== Available data ==

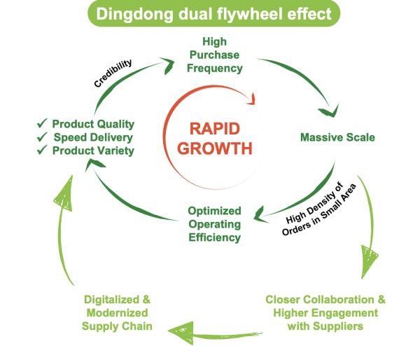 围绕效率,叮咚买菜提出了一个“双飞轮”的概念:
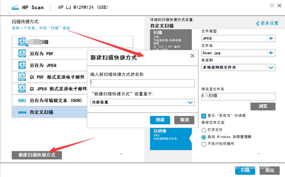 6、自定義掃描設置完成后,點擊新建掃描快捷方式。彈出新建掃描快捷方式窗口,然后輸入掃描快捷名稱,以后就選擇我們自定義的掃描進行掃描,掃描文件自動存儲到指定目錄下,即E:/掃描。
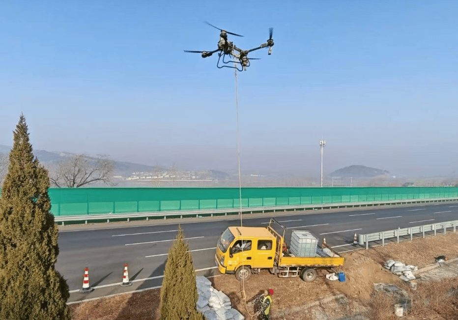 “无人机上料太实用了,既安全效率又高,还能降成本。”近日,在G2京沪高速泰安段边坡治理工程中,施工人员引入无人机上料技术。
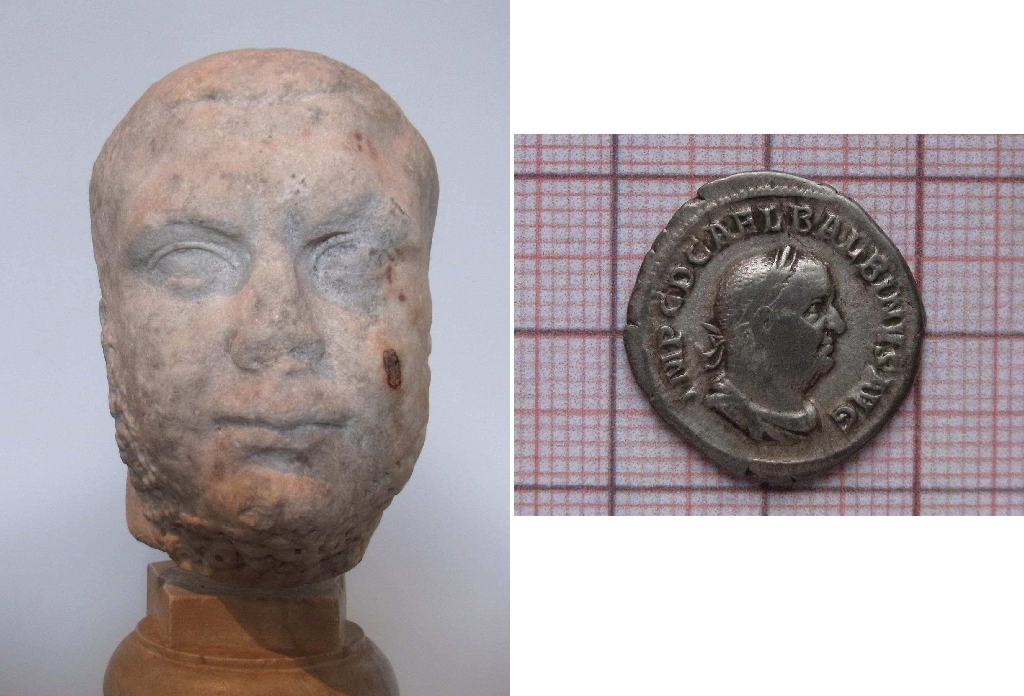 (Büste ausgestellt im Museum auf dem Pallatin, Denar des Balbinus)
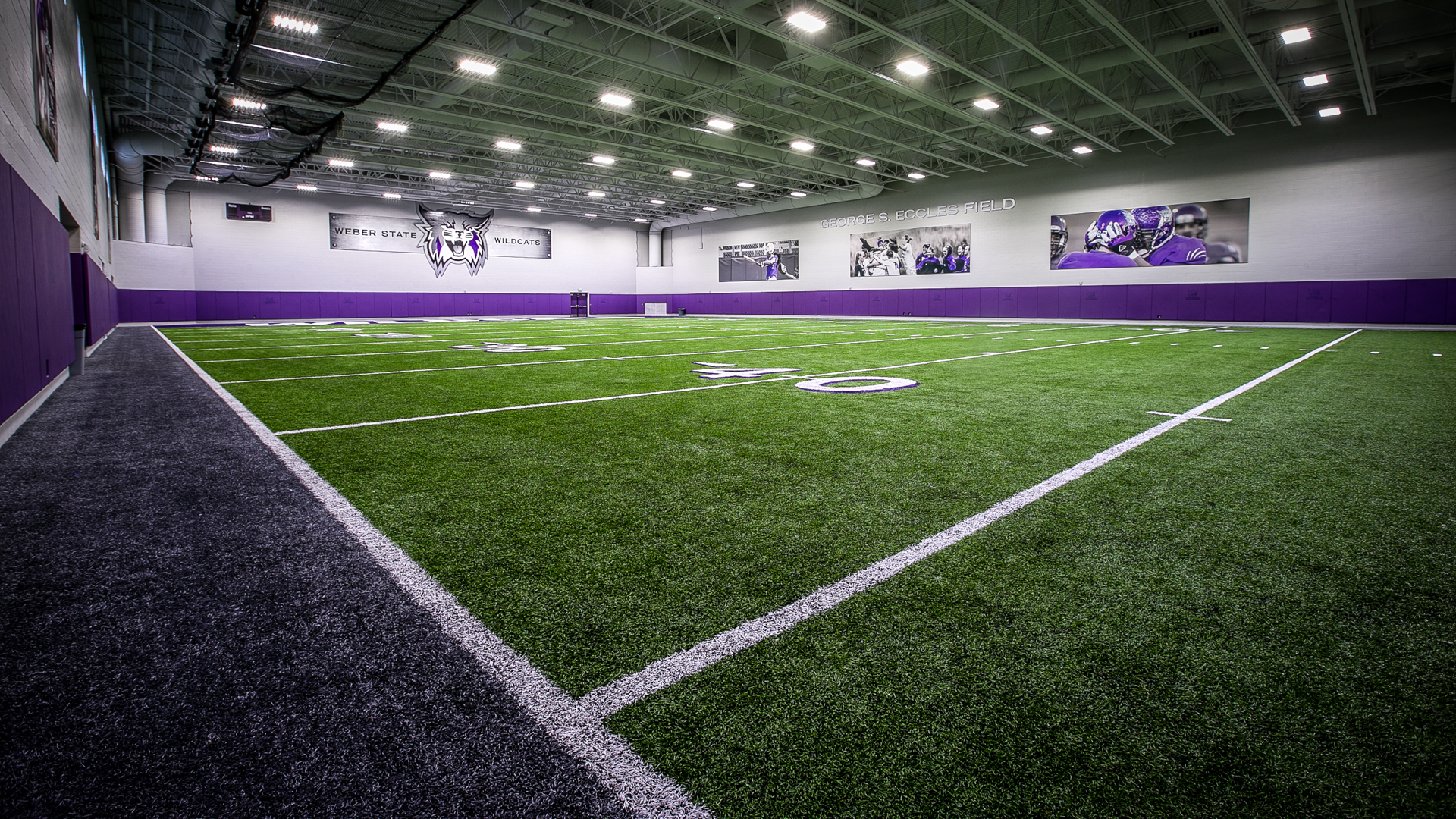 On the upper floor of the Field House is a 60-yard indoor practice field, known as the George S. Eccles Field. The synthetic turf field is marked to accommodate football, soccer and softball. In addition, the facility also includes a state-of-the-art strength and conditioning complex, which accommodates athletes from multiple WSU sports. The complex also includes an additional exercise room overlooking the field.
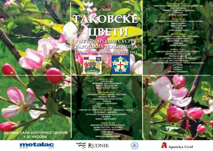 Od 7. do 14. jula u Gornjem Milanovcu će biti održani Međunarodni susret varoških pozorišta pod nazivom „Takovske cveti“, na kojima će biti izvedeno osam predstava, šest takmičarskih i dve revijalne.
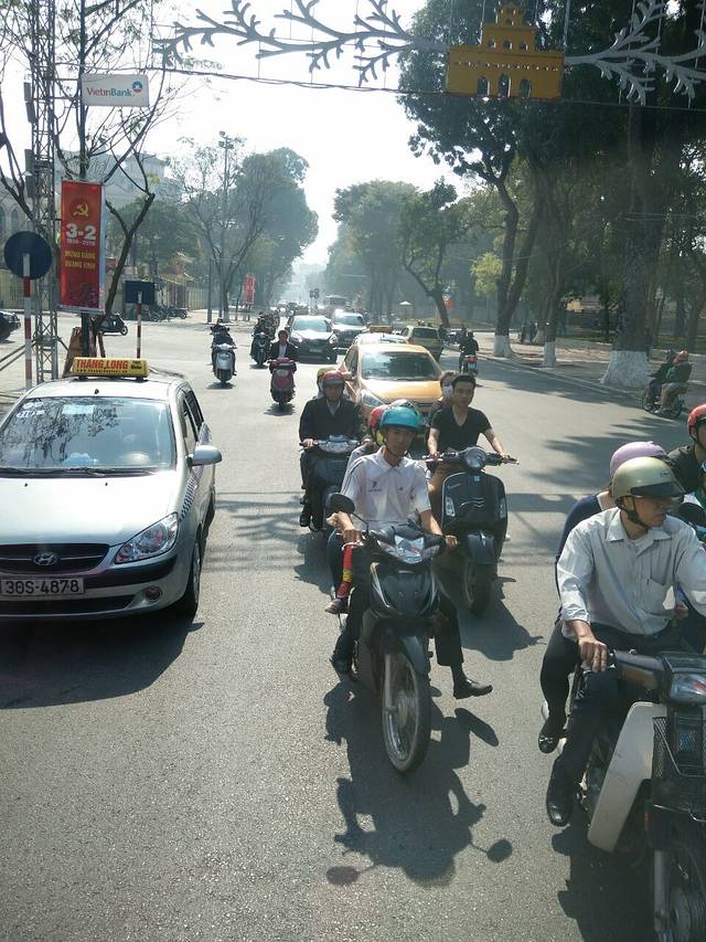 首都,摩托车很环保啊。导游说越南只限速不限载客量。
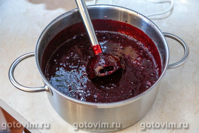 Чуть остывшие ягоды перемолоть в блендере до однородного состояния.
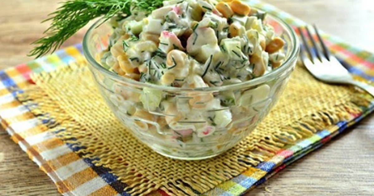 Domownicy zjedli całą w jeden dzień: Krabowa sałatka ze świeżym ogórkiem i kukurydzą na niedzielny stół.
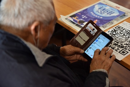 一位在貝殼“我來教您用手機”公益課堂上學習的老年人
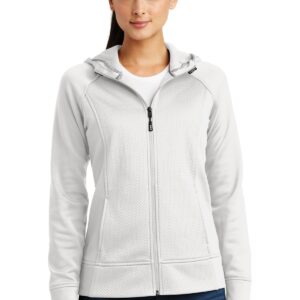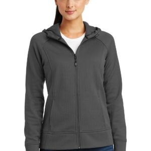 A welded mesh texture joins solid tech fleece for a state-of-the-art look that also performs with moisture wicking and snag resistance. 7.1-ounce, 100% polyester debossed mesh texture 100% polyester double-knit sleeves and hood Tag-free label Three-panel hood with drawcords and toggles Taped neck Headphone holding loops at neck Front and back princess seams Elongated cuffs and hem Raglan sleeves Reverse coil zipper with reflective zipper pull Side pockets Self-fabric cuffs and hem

== Exercise ==
Reproduce the records above exactly, but only from the line with "6、自定義掃描設置完成后,點" up to and including the line with "(Büste ausgestellt im". Leave the pictures out.

== Task result ==
 6、自定義掃描設置完成后,點擊新建掃描快捷方式。彈出新建掃描快捷方式窗口,然后輸入掃描快捷名稱,以后就選擇我們自定義的掃描進行掃描,掃描文件自動存儲到指定目錄下,即E:/掃描。
 “无人机上料太实用了,既安全效率又高,还能降成本。”近日,在G2京沪高速泰安段边坡治理工程中,施工人员引入无人机上料技术。
 (Büste ausgestellt im Museum auf dem Pallatin, Denar des Balbinus)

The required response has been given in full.